In this case, platform works act as Principal and take a service from driver registered on plat form for a request made by end customer on the platform and payments collected by platform. Accordingly Platform is required to charge a VAT on full amount received from end customer.
- Food Delivery Applications: They provide two different kind of services and their treatment depend upon services:
- Connection services with restaurants – Application will not be considered as principal in this case as the name of the restaurant is visible to the end consumer. Restaurant is free to change menus and prices, accordingly. Hence in this case restaurant’s are required to charge VAT on food supplied, and application is required to charge on VAT to its delivery fee or commission etc charged.

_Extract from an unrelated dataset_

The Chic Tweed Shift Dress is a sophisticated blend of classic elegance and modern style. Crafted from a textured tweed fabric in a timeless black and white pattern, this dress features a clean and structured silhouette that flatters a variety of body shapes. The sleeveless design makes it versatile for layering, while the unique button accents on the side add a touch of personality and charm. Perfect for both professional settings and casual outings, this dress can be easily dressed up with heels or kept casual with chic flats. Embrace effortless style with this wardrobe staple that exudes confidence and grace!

- Connection services with drivers – the application will be considered as a Principal in this transaction, ands must disclose the whole delivery value as a revenue in its VAT return, in case principal’s indicators applied.
- Telecommunication Providers: direct carrier billing: In this case Third party allows users to make purchases of digital products by charging payments to their mobile phone bill, here telecommunication Provider will collect the payment from end customer and send it over to third party for digital product generally after deduction their commission for payment processing services or payment collection services. Accordingly, third party is liable to charge a VAT on whole amount and Telecommunication provider is liable to charge VAT on their services only. If the telecommunications provider acts in its own name as principal and purchase digital content from third party and sell it to end customer, the it is considered the supplier for VAT purposes and responsible for reporting VAT on the sale of the app to the customer in its VAT return.

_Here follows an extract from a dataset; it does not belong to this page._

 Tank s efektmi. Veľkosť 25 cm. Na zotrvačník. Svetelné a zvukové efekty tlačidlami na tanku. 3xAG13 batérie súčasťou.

Kingdom of Saudi Arabia Vat Update.
Zakat, Tax and Customs Authority (ZATCA) has recently approved the amendment to the provisions of Article No. 20 (“Date of supply in specific circumstance”) of the Value-Added Tax (VAT) Executive Regulations regarding determining the date of supply and tax due in case of services that are carried out by establishments contracting with government agencies in accordance with the new government tenders and procurement law.
This amendment will effective from November 1, 2021
As per existing provision the establishments contracting with government agencies were reporting the tax due on the claims submitted to government agencies earlier of:
- The date the supply was actually made; or
- Date of issuing an invoice or a claim to the government agency; or
- Date on which the consideration for the supply was received in whole or in part
According to the amendment date of supply will be considered as earliest of:
- Date of issuing the payment order related to taxable supplies according to the government competition and procurement procedures; or
- The date of receiving the consideration for the supply or part of it
Main aim for this amendment is to facilitate taxpayer’s compliance and also improve their cash flows.
ZATCA has also issued a guide to clarify the amendments under Article 20.
Please note that this memo is for information purposes only and should not be construed as an advice. It does not necessarily cover every aspect of the
topics with which it deals. You should not act upon the contents of this alert without receiving formal advice on your particular circumstances.